___ Data in this exercise

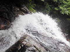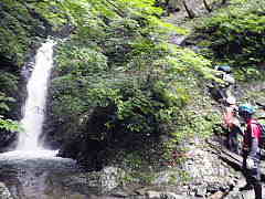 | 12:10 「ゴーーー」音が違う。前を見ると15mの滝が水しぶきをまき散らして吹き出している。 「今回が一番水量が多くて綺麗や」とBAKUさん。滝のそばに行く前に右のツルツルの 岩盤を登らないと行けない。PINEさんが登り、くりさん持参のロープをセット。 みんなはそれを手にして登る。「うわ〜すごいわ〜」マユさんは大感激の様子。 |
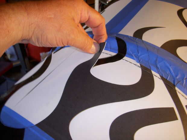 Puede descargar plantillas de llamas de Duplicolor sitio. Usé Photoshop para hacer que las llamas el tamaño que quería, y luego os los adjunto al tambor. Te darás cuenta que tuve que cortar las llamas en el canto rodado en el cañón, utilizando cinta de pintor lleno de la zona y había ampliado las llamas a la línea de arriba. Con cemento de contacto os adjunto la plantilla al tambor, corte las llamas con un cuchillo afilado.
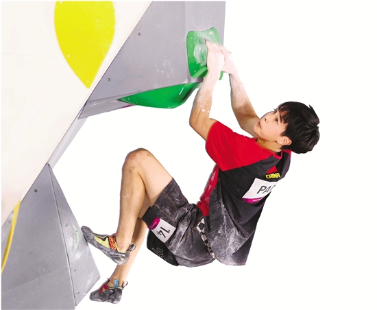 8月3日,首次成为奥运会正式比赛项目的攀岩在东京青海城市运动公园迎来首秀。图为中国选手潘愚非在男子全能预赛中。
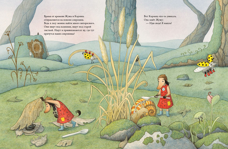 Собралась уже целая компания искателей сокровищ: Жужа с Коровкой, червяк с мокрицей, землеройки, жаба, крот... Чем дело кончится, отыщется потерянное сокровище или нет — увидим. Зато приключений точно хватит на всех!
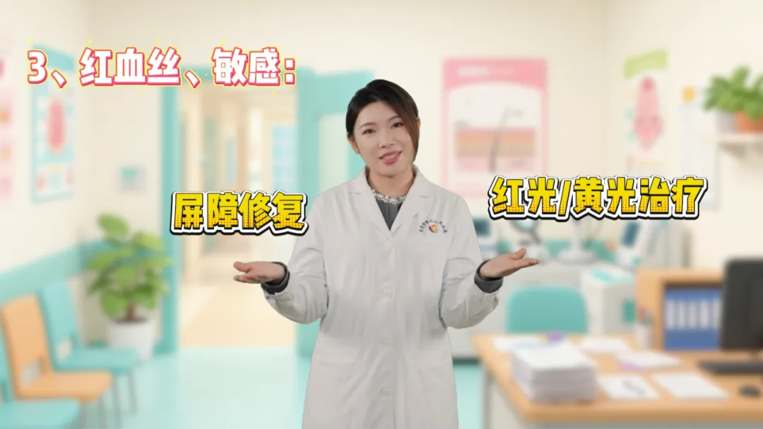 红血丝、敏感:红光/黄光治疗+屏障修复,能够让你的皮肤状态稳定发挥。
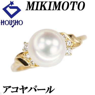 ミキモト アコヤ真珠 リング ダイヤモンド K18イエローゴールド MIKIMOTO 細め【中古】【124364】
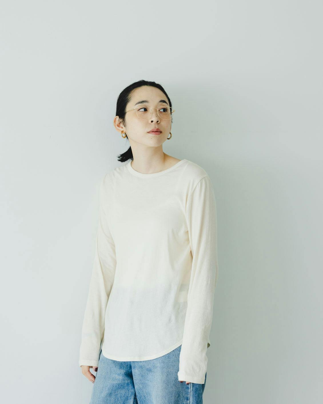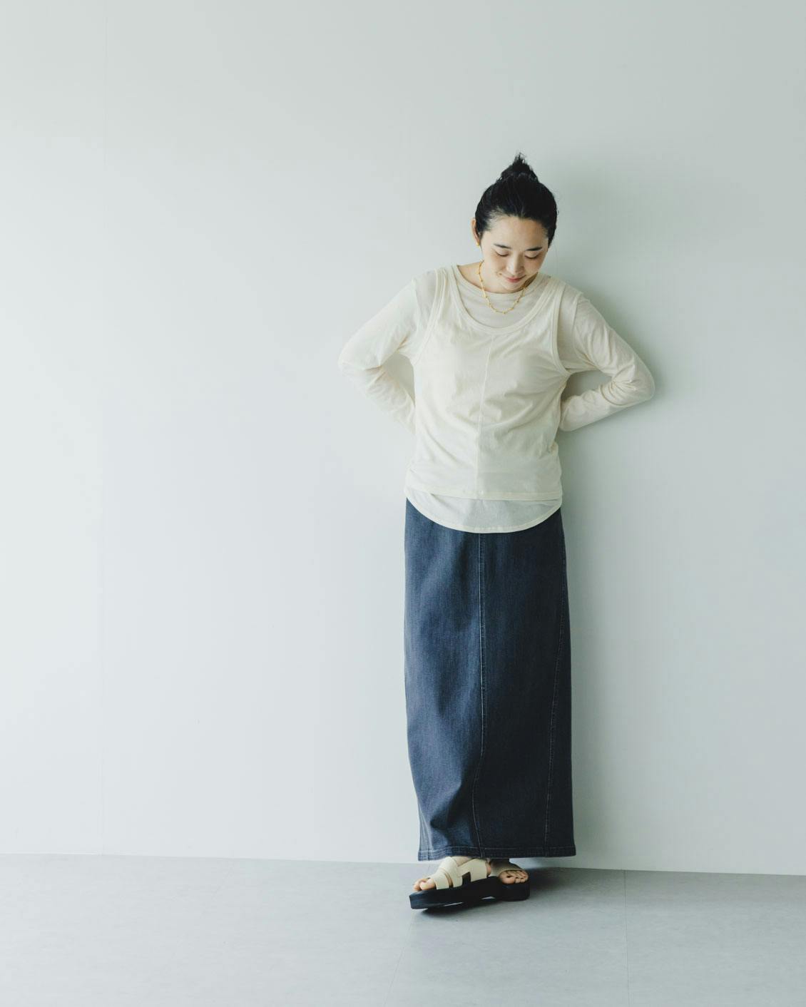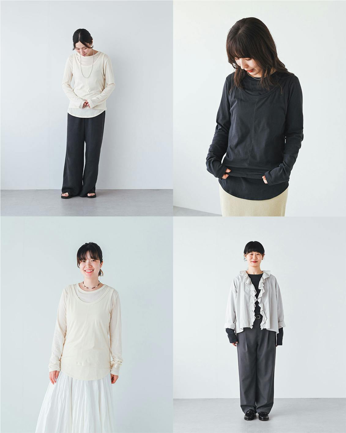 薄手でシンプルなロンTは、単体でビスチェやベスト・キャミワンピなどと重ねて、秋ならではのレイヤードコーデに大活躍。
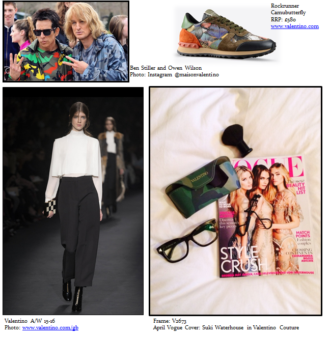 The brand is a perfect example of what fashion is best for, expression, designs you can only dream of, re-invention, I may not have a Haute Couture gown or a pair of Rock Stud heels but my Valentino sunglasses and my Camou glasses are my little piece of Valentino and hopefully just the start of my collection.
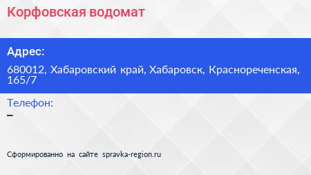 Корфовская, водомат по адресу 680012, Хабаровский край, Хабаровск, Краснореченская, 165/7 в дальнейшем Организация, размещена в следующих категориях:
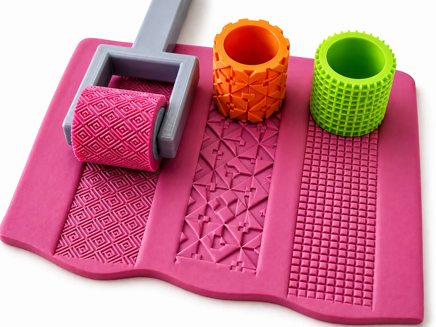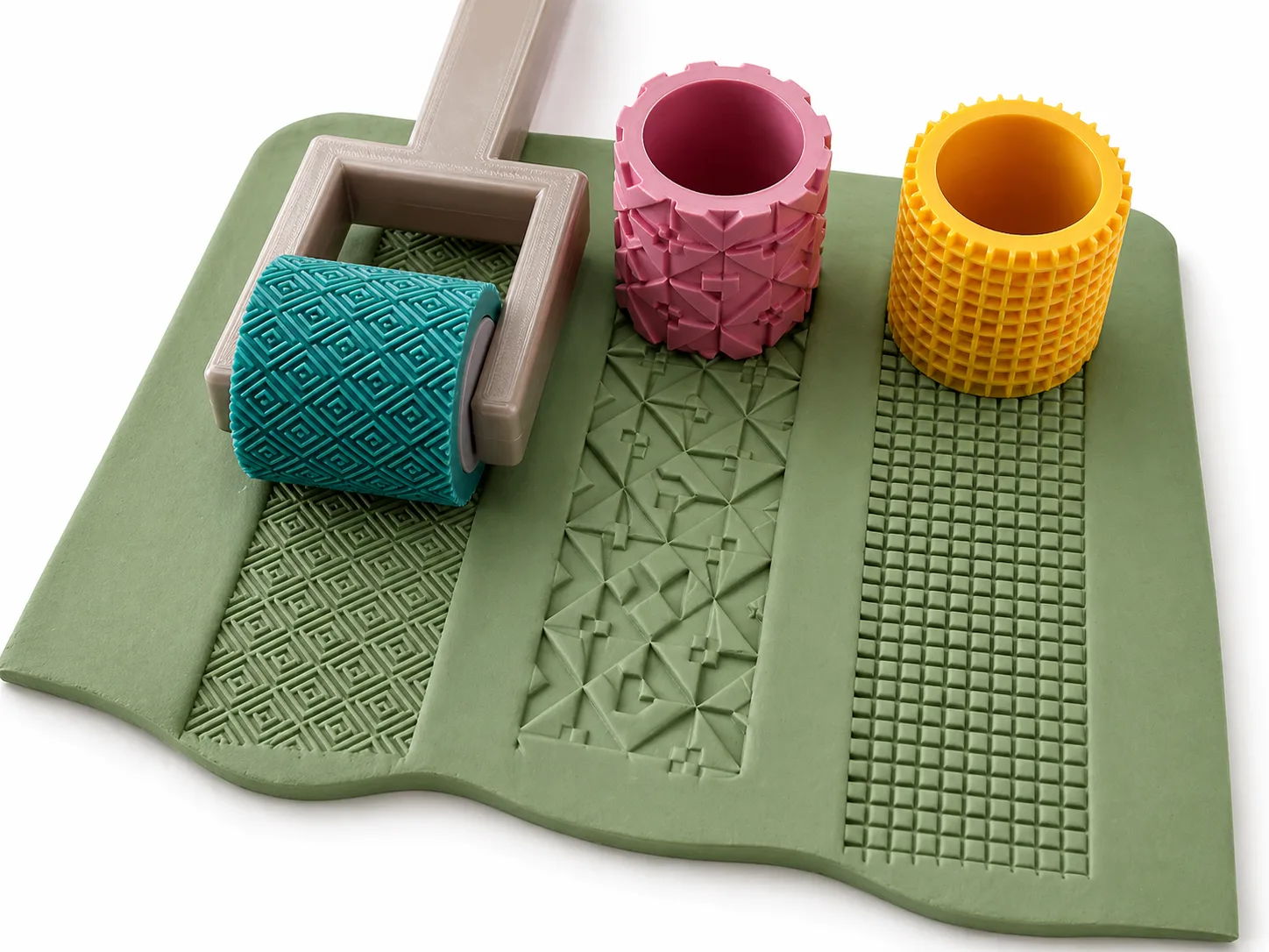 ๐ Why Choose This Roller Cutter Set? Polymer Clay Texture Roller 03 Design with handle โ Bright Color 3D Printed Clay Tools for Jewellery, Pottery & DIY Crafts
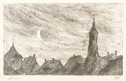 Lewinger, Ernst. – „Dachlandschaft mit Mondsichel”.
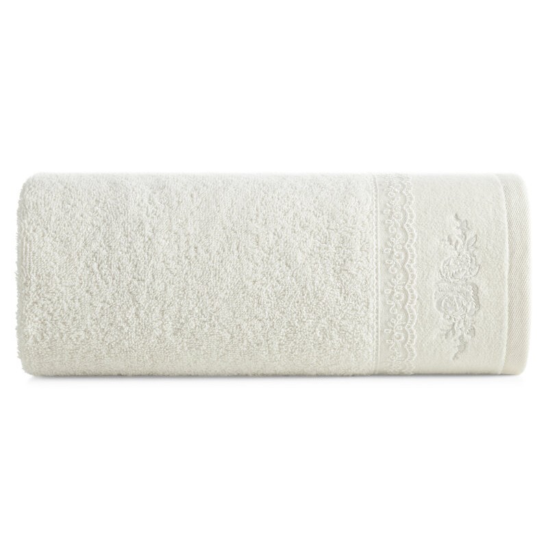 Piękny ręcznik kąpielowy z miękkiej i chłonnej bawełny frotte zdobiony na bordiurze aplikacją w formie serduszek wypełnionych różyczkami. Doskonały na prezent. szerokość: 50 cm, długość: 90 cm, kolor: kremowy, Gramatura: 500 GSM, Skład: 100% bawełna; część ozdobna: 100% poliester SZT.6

______

Aim of the task
An exact copy of every entry above is needed, minus the pictures.

Output
 | 12:10 「ゴーーー」音が違う。前を見ると15mの滝が水しぶきをまき散らして吹き出している。 「今回が一番水量が多くて綺麗や」とBAKUさん。滝のそばに行く前に右のツルツルの 岩盤を登らないと行けない。PINEさんが登り、くりさん持参のロープをセット。 みんなはそれを手にして登る。「うわ〜すごいわ〜」マユさんは大感激の様子。 |
 Puede descargar plantillas de llamas de Duplicolor sitio. Usé Photoshop para hacer que las llamas el tamaño que quería, y luego os los adjunto al tambor. Te darás cuenta que tuve que cortar las llamas en el canto rodado en el cañón, utilizando cinta de pintor lleno de la zona y había ampliado las llamas a la línea de arriba. Con cemento de contacto os adjunto la plantilla al tambor, corte las llamas con un cuchillo afilado.
 8月3日,首次成为奥运会正式比赛项目的攀岩在东京青海城市运动公园迎来首秀。图为中国选手潘愚非在男子全能预赛中。
 Собралась уже целая компания искателей сокровищ: Жужа с Коровкой, червяк с мокрицей, землеройки, жаба, крот... Чем дело кончится, отыщется потерянное сокровище или нет — увидим. Зато приключений точно хватит на всех!
 红血丝、敏感:红光/黄光治疗+屏障修复,能够让你的皮肤状态稳定发挥。
 ミキモト アコヤ真珠 リング ダイヤモンド K18イエローゴールド MIKIMOTO 細め【中古】【124364】
 薄手でシンプルなロンTは、単体でビスチェやベスト・キャミワンピなどと重ねて、秋ならではのレイヤードコーデに大活躍。
 The brand is a perfect example of what fashion is best for, expression, designs you can only dream of, re-invention, I may not have a Haute Couture gown or a pair of Rock Stud heels but my Valentino sunglasses and my Camou glasses are my little piece of Valentino and hopefully just the start of my collection.
 Корфовская, водомат по адресу 680012, Хабаровский край, Хабаровск, Краснореченская, 165/7 в дальнейшем Организация, размещена в следующих категориях:
 ๐ Why Choose This Roller Cutter Set? Polymer Clay Texture Roller 03 Design with handle โ Bright Color 3D Printed Clay Tools for Jewellery, Pottery & DIY Crafts
 Lewinger, Ernst. – „Dachlandschaft mit Mondsichel”.
 Piękny ręcznik kąpielowy z miękkiej i chłonnej bawełny frotte zdobiony na bordiurze aplikacją w formie serduszek wypełnionych różyczkami. Doskonały na prezent. szerokość: 50 cm, długość: 90 cm, kolor: kremowy, Gramatura: 500 GSM, Skład: 100% bawełna; część ozdobna: 100% poliester SZT.6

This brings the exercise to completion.